The world doesn't need another advertising agency: Reghunath and Aditiya of Talented

In their first interview since leaving the Dentsu group and starting up with Talented, Gautam Reghunath and PG Aditiya tell Storyboard18 how they are building a modern creative shop with a people-first approach

Published: Apr 8, 2022 06:02:28 PM IST

Gautam Reghunath and PG Aditiya of Talented. Image: TalentedGautam Reghunath and PG Aditiya of Talented. Image: Talented

In October 2021, when Dentsu Webchutney's CEO Gautam Reghunath and CCO PG Aditiya quit, it surprised many in the industry. The duo exited at a time when Dentsu International India was going through a leadership shakeup amidst major restructuring with a slew of exits at the top and mid-level. However, Reghunath and Aditiya clarified to Storyboard 18 that they left the legacy ad company to chase their personal ambitions and for no other reasons. They moved on to reset the advertising culture and the agency business. With their new creative shop, Talented, they want to keep people at the core of the business, take a startup approach, and focus on being a pure-creative agency. Read on to know more about how Reghunath and Aditiya are building a modern agency. Edited excerpts.

Q. To begin with, why did the two of you decide to go independent?

Reghunath: Well, going independent was an easy decision for us. Leaving Webchutney was the tougher one. Personally, I’ve always loved startup energy, hanging around my founder friends and the general optimism of it all. I'm also second-generation advertising by the way. It has always been a huge part of my life. My father’s been doing this for 35 years. Growing up, I’ve always had ad magazines, creatives and proofs lying around the house and that sort of thing. So I absolutely love the agency business.

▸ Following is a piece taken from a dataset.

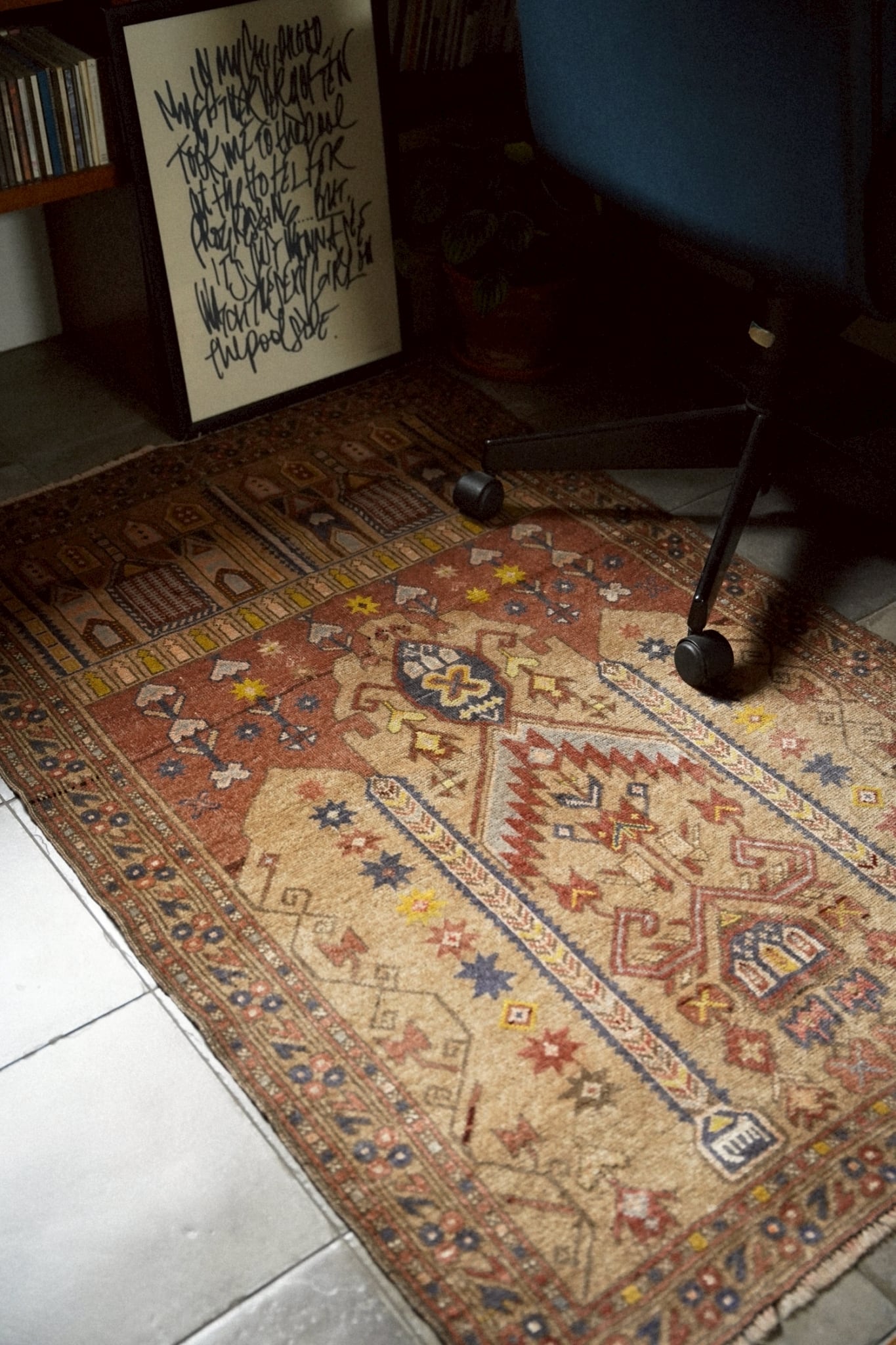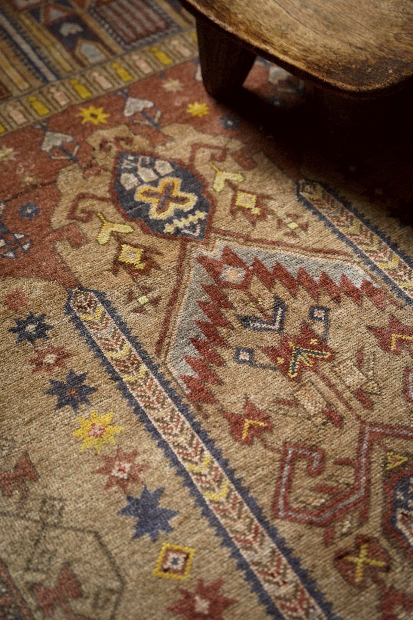 ベースカラーはベージュとテラコッタ。やわらかな大地色を背景に、ネイビーやマスタードイエロー、ボルドー、アイボリーなどで描かれたポップな色使いとデザインが可愛らしい一枚。

And now with PG, who is an absolute ad nerd, it just feels very right. We’ve both secretly harboured ambitions as to what our own creative shop would look like. And like we’ve said before, the world certainly doesn’t need another advertising agency. What we believe, it does need is a serious re-imagination of the agency experience—both for clients and particularly for the talent working in advertising. Working in advertising can and must feel better than it does now for a lot of us.

Q. Did it have to do anything with Dentsu's global transformation strategy? Did you both not agree with the new approach?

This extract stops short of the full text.